I’ve been spending a lot of time with my family recently. No, I’m not talking about my folks or friends in the area. No, I’m not referring to any extended family that isn’t nearby. My family — and I call it that because of the amount of time and money I’m spending on it — is my growing collection of Apple computers.

My newest computer is a Mac Pro generously handed down to me by a friend. He’s the youngest of the group and obviously has some proving to do, but, like a child, watching him grow into a supercomputing machine is one of the reasons to raise a computer.

I’ve purchased several upgrades for the Pro — a new hard drive, a new video card — and these are like investing in a child’s future. Installing these components is like giving him the tools he needs for a successful future and for dealing with all the challenges — and pixel-crunching video games — that I’ll throw at him. It’s not the best video card, but it’ll do a serviceable job — more like sending him to a Purdue or Lake Forest College rather than Harvard. Do I look like I’m made of money, after all?
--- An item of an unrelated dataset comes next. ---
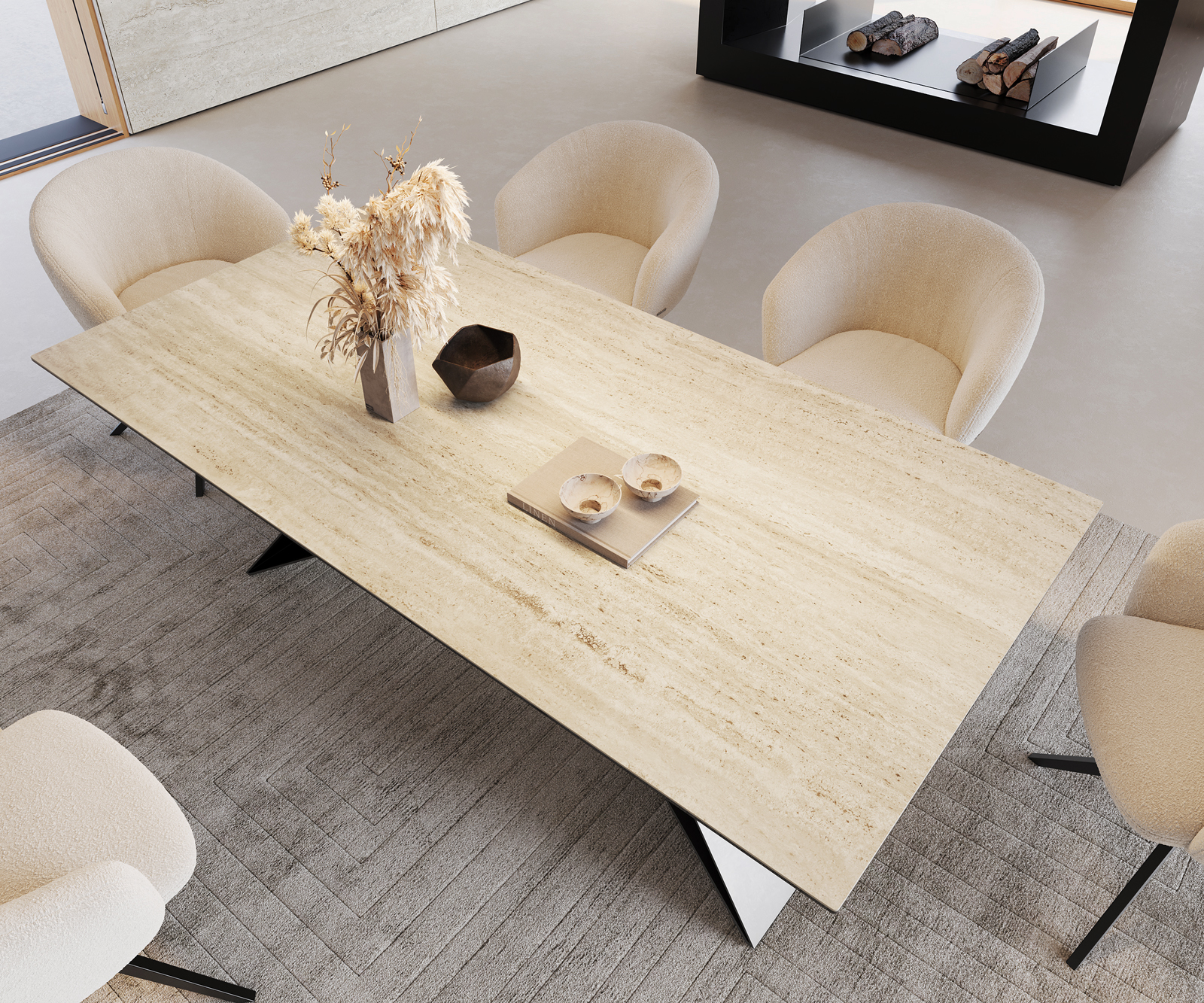 Výrazně jiný, nádherně středomořský – jídelní stůl Edge z keramiky Travertin

The smallest of my flock is a nine- inch netbook I’ve modified to run the Mac Operating System. Since this process isn’t exactly kosher, the netbook is the wild child of the three. He’s straddling the line between Windows and Mac, a strange hybrid of the two worlds. He’s doing things he’s not supposed to — each upgrade could be the one that breaks him, just like the next run-in with the law could be the one that spells jail time for the little chap. Unfortunately, he took that step — the one that’s gone too far — the other day when I updated to OS 10.6.8. BAM I got an infinite loop when I tried to restart the netbook. As such, I’ll have to spend several hours downgrading the operating system, telling him he has to live within his means and not push the boundaries too much. He’s lived that life before, and look where it got him. A spinning beach ball cursor of death, that’s where.
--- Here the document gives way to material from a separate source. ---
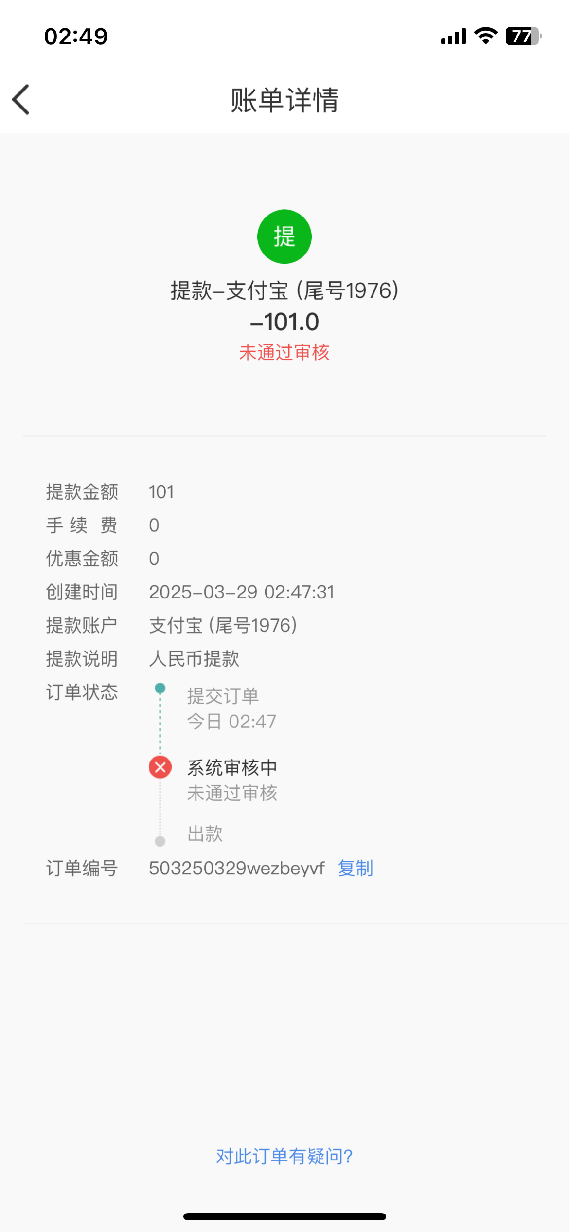77 你脑残吧 我能提我不提吗?他只给提卡 钱包其他的都不给提 支付宝一直说风控 真是个二逼不给提u钱包这些

And then my MacBook Pro is that awkward middle child, the one who hasn’t really found his place in the world. The Mac Pro is a tower computer, meant to stay in the home and be the workhorse computer. On the other extreme is the netbook — ultra-portable but not the fastest processor on the motherboard (if you know what I mean). I have no doubt the MacBook is jealous of the Pro since I’m going to be giving the new kid many of the responsibilities he used to handle. Nothing personal, MacBook, but the Pro can load iTunes a lot faster than you. I’m not quite sure what I’m going to do with him. I’ll probably end up doing what I would if I had an actual middle child — trade him for an iPad.

Yes, this is all in jest, and I know computers are much different from actual children. Most importantly, computers will turn out exactly how I want them to. They won’t get piercings without my permission or start smoking “because all the cool kids are doing it.” Well, that is until the day they’ve evolved artificial intelligence so sophisticated that we actually start treating them like humans. Oh wait, has that happened already?